56 P. 171 | Or. | 1899
after making the foregoing statement of facts, delivered the opinion.
It is contended that, if the crops be regarded as part of the realty, no title thereto vested in defendant under the foreclosure proceedings until the sheriff’s deed was executed; that plaintiff, having planted them, was the owner thereof; and that defendant, having converted them to his own use, is liable for their value.

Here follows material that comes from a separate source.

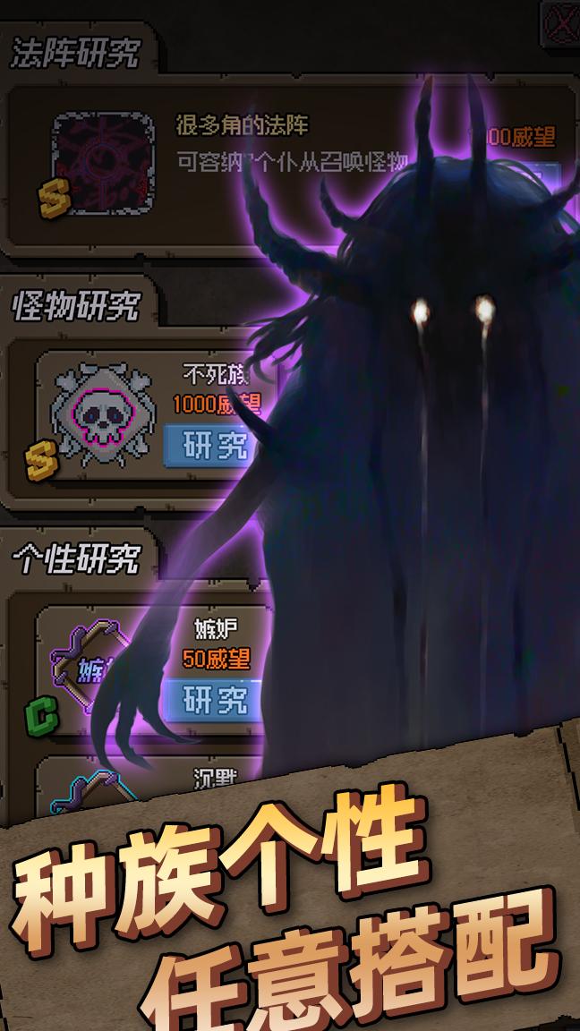 游戏的核心玩法围绕着召唤怪物、破坏世界并获取收益展开。玩家需要雇佣主祭,通过他们来设计和强化怪物,进而对世界进行破坏,最终根据破坏程度获得报酬。屏幕左下角设有商店,出售各类可提升主祭属性的道具,这些道具不会增加主祭的薪资成本,因此是性价比极高的投资选择。

It will be observed, from the language quoted, that in England, if the vendee, under a contract for the purchase of real property, make default in the payment of the purchase money, the vendor may maintain a suit to cancel the contract, which is equivalent to a strict foreclosure. In Button v. Schroyer, 5 Wis. 598, it was held that a decree foreclosing a contract for the conveyance of real property, which ordered a sale of the premises, was erroneous, the court saying : “The proper decree in such cases is that the money due upon the contract be paid within such reasonable time as the court may direct, or that the vendee be foreclosed of his equity of redemption.” To the same effect is the case of Baker v. Beach, 15 Wis. 99. The justice of the rule, announced in England and followed in Wisconsin, may well be doubted, and particularly so when the vendor has received a large portion of. the purchase money; in which case equity would seem to demand that the premises be sold to satisfy the balance due on the contract, upon the payment of which the vendee should be entitled to the remainder of the money derived from such sale.
Affirmed.
Not:e. — In this connection see Security Savings Company v. Mackenzie, 38 Or. at pp. 212-214, and Gray v. Perry, 25 Or. at p. 6. — Reporter.